14 January 2013 – One of the top 10 predictions by IDC Energy Insights is that utilities in Europe, Middle East and Africa (EMEA) will spend more than US$17.5 billion on IT during 2013. Another prediction is that flexibility will be the new normal for smart grids implementation, and that regulatory procrastinations will hold back EMEA’s electricity smart metering market
It also predicts that smart grid communication approaches will continue to be heterogeneous, and consumer engagement will be the name of the game, while smart water spending will be kick-started in 2013. Other predictions are that public funding will back smart cities and that chief information officers (CIOs) will need resources capable of transforming operations. The enthusiasm for apps will see mobile fever hit utilities, and finally it is predicted that this year will see utilities embrace analytics to make sense of their big data.
"Utilities are under pressure across the EMEA region. Economic downturn in many European countries, more difficult conditions on capital and borrowing markets, and most importantly uncertainty about medium and long term return on investments are slowing down the smart energy transition. Nevertheless, renewable sources and distributed generation continue to develop, as well as investment in grids. We expect for instance that IT spend on network automation and control in EMEA will grow about 8% in 2013," Roberta Bigliani, head of EMEA, IDC Energy Insights, says.
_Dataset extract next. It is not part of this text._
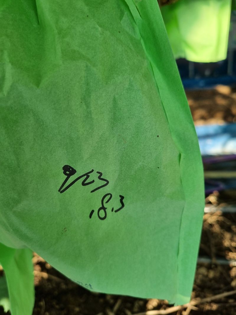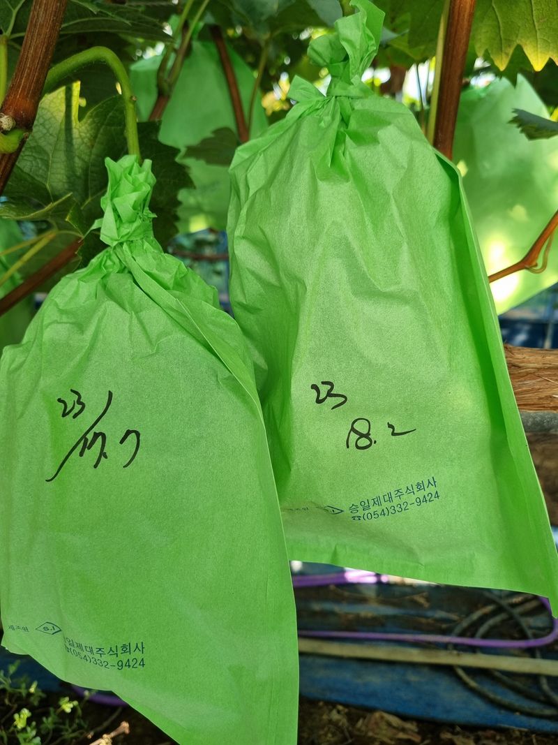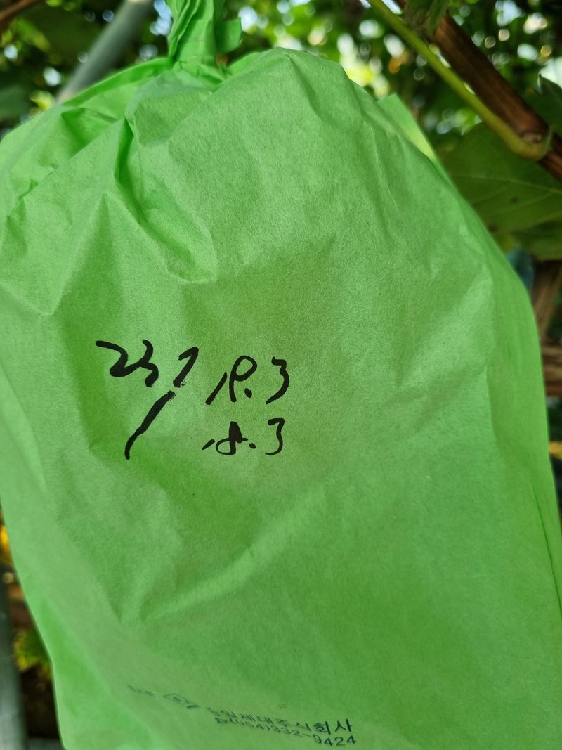 봉지쌓기3일째 용병세분 모셔다 가르켜가며 쌓네요 근데열매솎기 4일된는데 노린제가 자기거라고 표시하고 디니네요
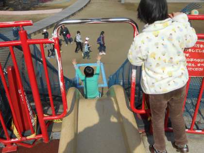 子どもの楽園の魅力は何と言ってもすべり台や迷路など,学校近辺の公園にはない大きな遊具です。遊びの計画をあらかじめ立てて楽しみにしていた子どもたちは,様々な遊具で思い切り遊んでいました。もう1つのお楽しみであるお弁当にもとても喜び,おいしそうに食べていました。

"Flexibility will be the new normal for utilities and smart technologies are the cornerstone of the transformation across the entire value chain. Utilities will invest in analytics, mobility and cyber security. CIOs will consider alternative sourcing models to enable business agility and reduce IT investments. Different IT skill sets will be needed. Lack of a clear leadership and governance in the integration of OT/IT could undermine innovation."